What you output must match the entries exactly, apart from the pictures, which are left out.

Records contained in a dataset:
# # # # # # #
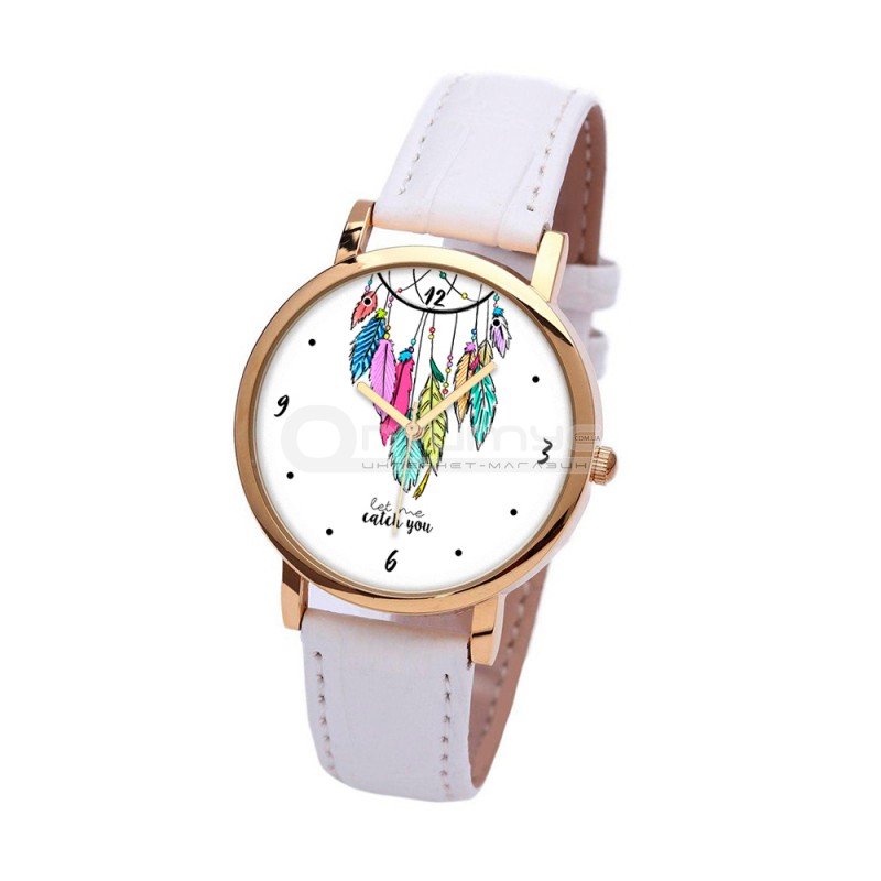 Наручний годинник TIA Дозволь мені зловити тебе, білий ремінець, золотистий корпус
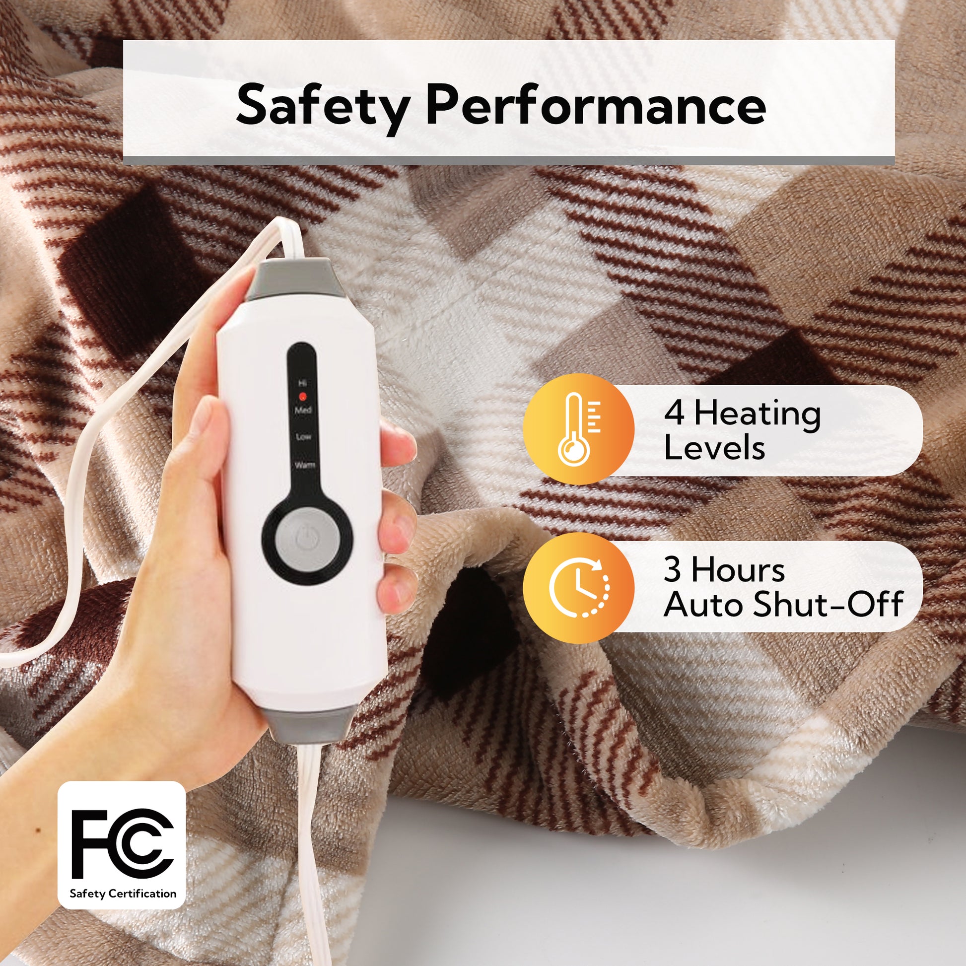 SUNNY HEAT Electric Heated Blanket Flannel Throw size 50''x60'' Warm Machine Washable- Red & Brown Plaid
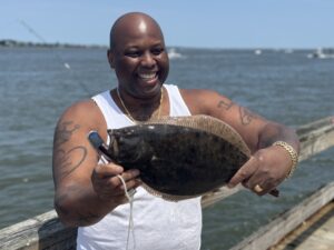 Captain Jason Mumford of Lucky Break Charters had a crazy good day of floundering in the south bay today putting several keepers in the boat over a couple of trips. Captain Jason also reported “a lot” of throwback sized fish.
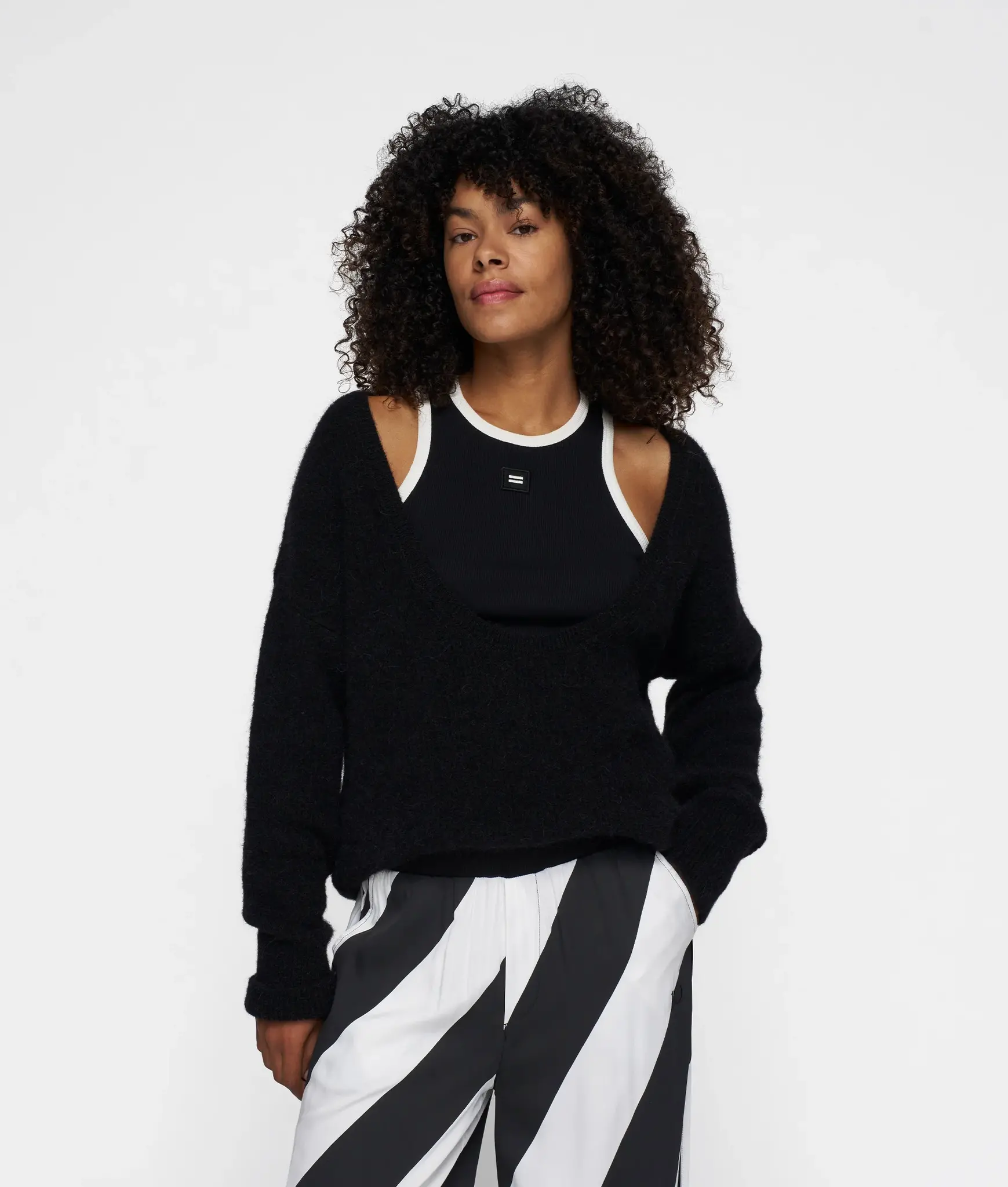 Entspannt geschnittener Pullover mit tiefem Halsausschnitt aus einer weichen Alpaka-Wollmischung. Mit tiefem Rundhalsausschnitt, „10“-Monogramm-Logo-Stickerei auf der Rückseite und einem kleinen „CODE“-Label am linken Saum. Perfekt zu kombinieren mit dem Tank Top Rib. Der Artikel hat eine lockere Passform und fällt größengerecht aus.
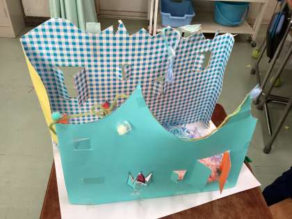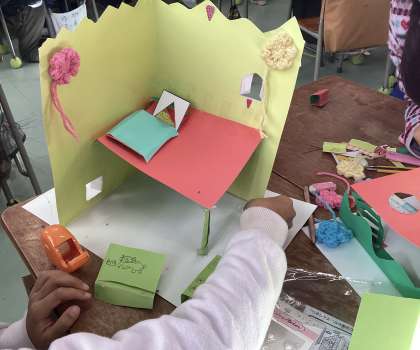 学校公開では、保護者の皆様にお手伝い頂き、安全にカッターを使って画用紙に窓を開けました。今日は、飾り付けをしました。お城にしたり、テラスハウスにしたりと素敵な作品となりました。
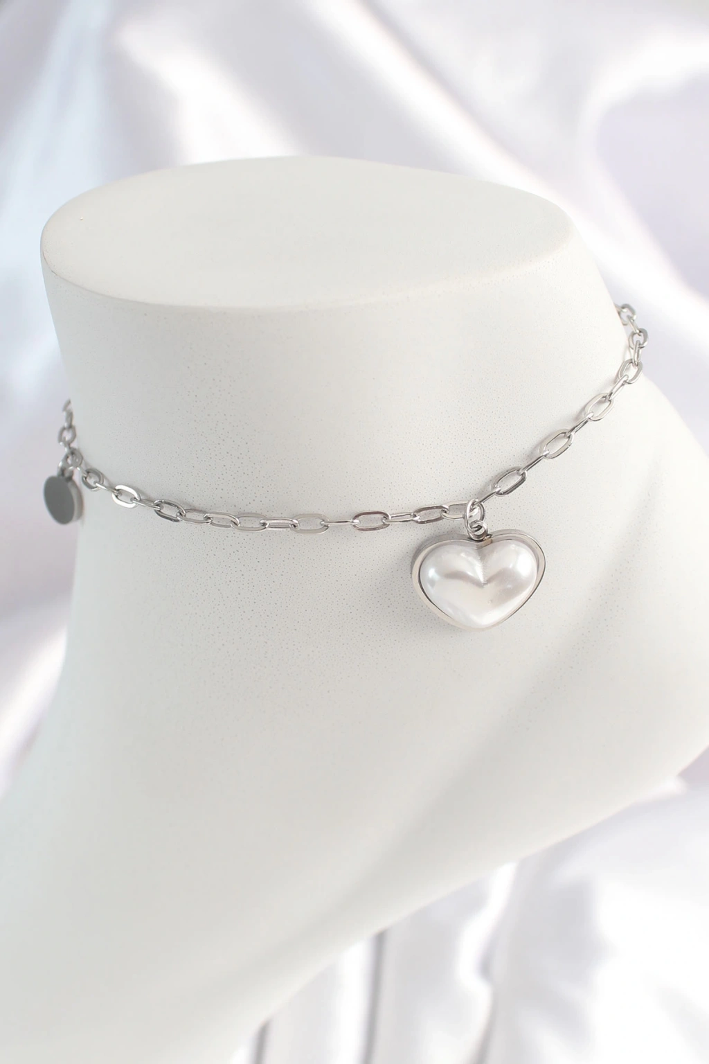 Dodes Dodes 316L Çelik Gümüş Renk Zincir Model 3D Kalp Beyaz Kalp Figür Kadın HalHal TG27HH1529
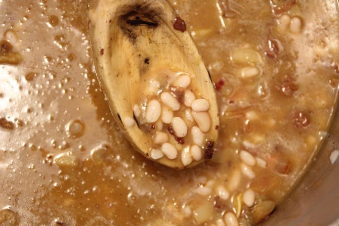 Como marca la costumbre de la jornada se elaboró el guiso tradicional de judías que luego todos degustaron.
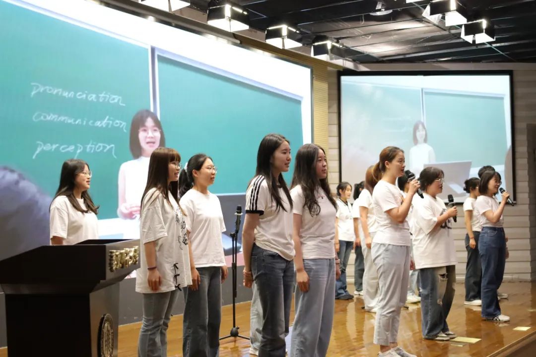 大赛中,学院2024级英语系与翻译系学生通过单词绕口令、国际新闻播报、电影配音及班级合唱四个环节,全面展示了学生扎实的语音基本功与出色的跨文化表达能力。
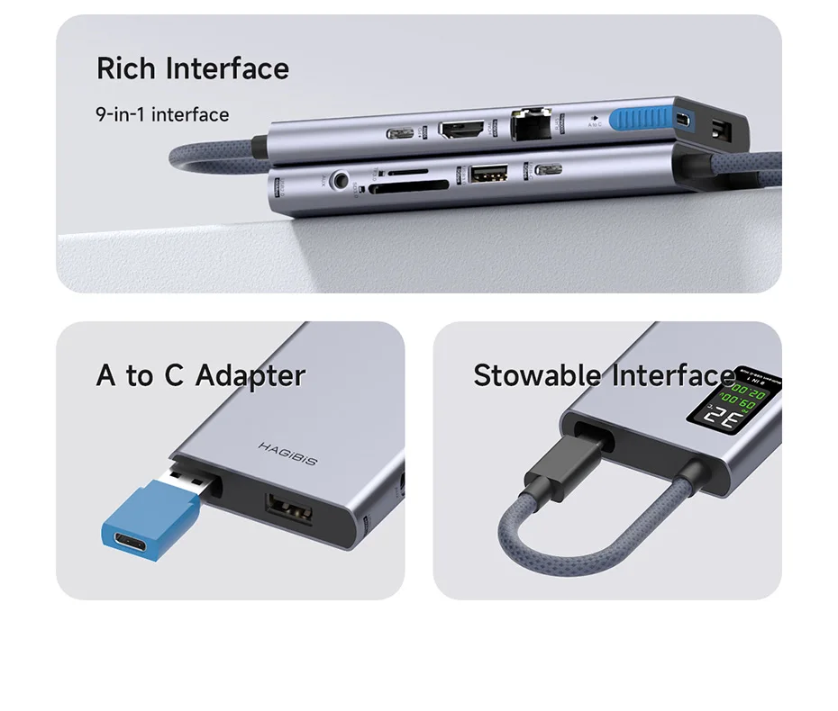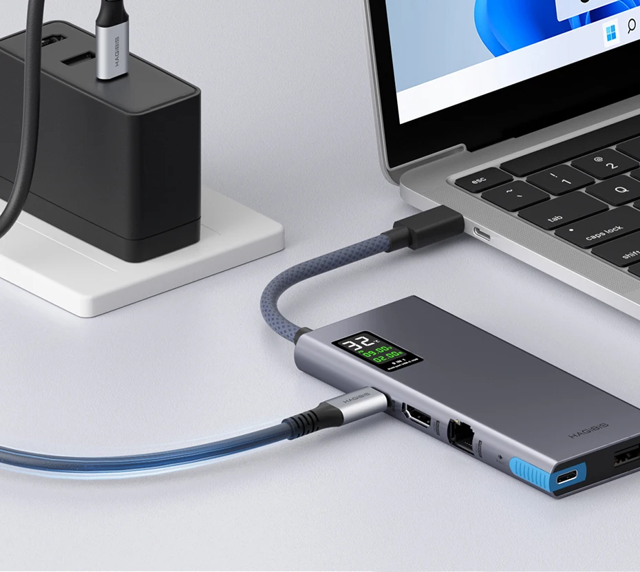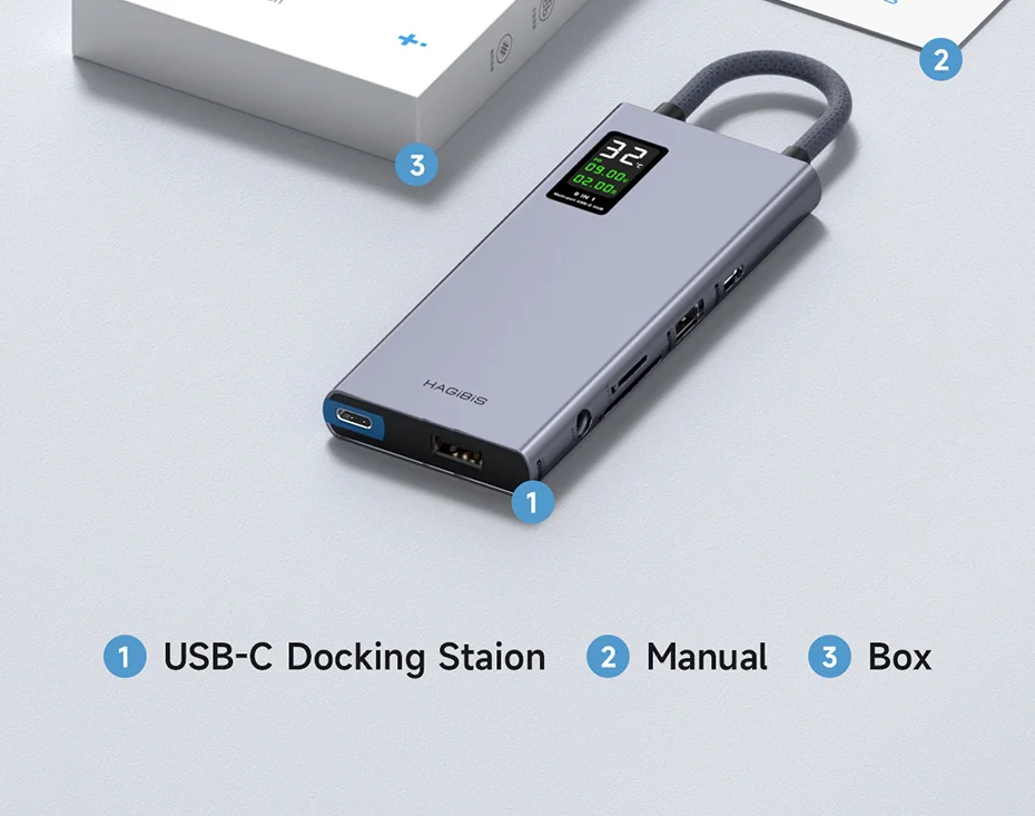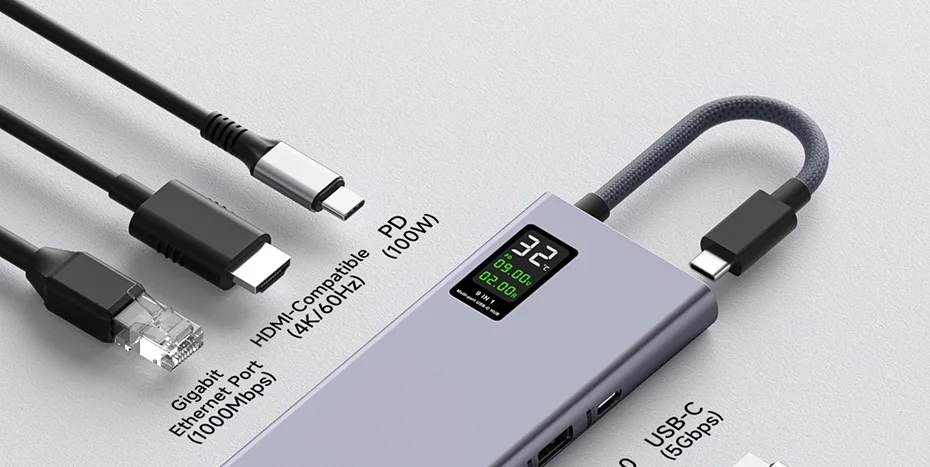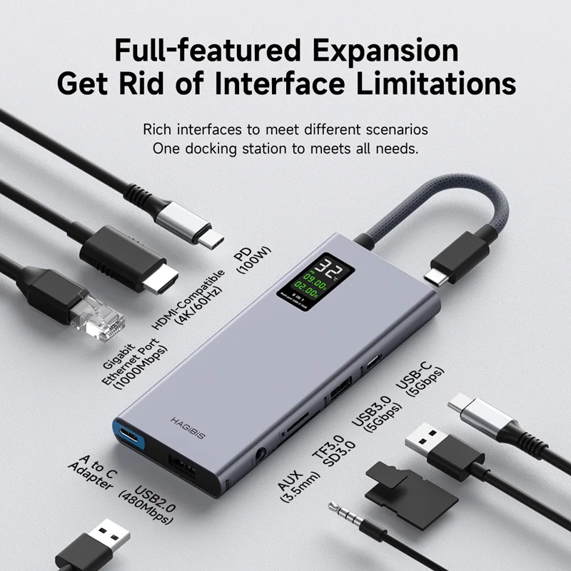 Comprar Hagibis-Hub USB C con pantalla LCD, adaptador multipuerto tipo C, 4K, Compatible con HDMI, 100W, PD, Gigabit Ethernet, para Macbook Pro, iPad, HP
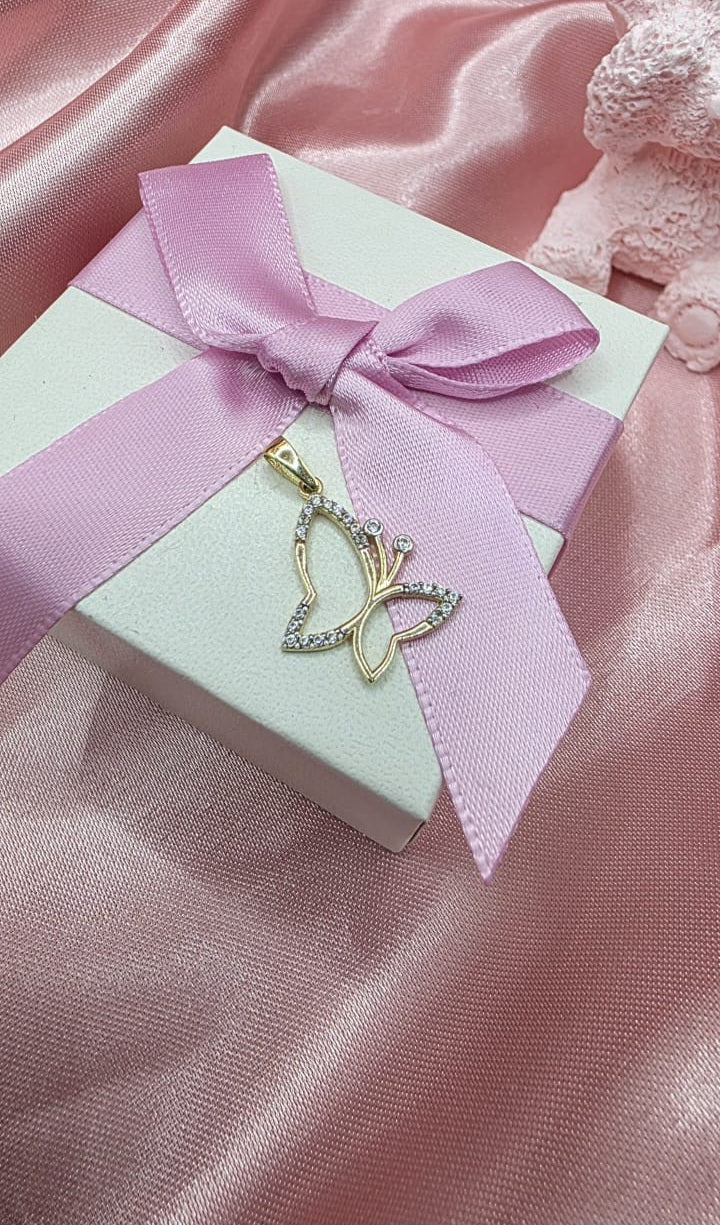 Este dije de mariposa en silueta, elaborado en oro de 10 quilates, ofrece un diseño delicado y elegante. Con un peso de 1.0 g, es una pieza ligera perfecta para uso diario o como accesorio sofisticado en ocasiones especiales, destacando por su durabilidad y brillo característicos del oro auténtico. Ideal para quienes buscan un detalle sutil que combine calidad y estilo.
# # # # # # #
OUTPUT OF THE EXERCISE:
 Наручний годинник TIA Дозволь мені зловити тебе, білий ремінець, золотистий корпус
 SUNNY HEAT Electric Heated Blanket Flannel Throw size 50''x60'' Warm Machine Washable- Red & Brown Plaid
 Captain Jason Mumford of Lucky Break Charters had a crazy good day of floundering in the south bay today putting several keepers in the boat over a couple of trips. Captain Jason also reported “a lot” of throwback sized fish.
 Entspannt geschnittener Pullover mit tiefem Halsausschnitt aus einer weichen Alpaka-Wollmischung. Mit tiefem Rundhalsausschnitt, „10“-Monogramm-Logo-Stickerei auf der Rückseite und einem kleinen „CODE“-Label am linken Saum. Perfekt zu kombinieren mit dem Tank Top Rib. Der Artikel hat eine lockere Passform und fällt größengerecht aus.
 学校公開では、保護者の皆様にお手伝い頂き、安全にカッターを使って画用紙に窓を開けました。今日は、飾り付けをしました。お城にしたり、テラスハウスにしたりと素敵な作品となりました。
 Dodes Dodes 316L Çelik Gümüş Renk Zincir Model 3D Kalp Beyaz Kalp Figür Kadın HalHal TG27HH1529
 Como marca la costumbre de la jornada se elaboró el guiso tradicional de judías que luego todos degustaron.
 大赛中,学院2024级英语系与翻译系学生通过单词绕口令、国际新闻播报、电影配音及班级合唱四个环节,全面展示了学生扎实的语音基本功与出色的跨文化表达能力。
 Comprar Hagibis-Hub USB C con pantalla LCD, adaptador multipuerto tipo C, 4K, Compatible con HDMI, 100W, PD, Gigabit Ethernet, para Macbook Pro, iPad, HP
 Este dije de mariposa en silueta, elaborado en oro de 10 quilates, ofrece un diseño delicado y elegante. Con un peso de 1.0 g, es una pieza ligera perfecta para uso diario o como accesorio sofisticado en ocasiones especiales, destacando por su durabilidad y brillo característicos del oro auténtico. Ideal para quienes buscan un detalle sutil que combine calidad y estilo.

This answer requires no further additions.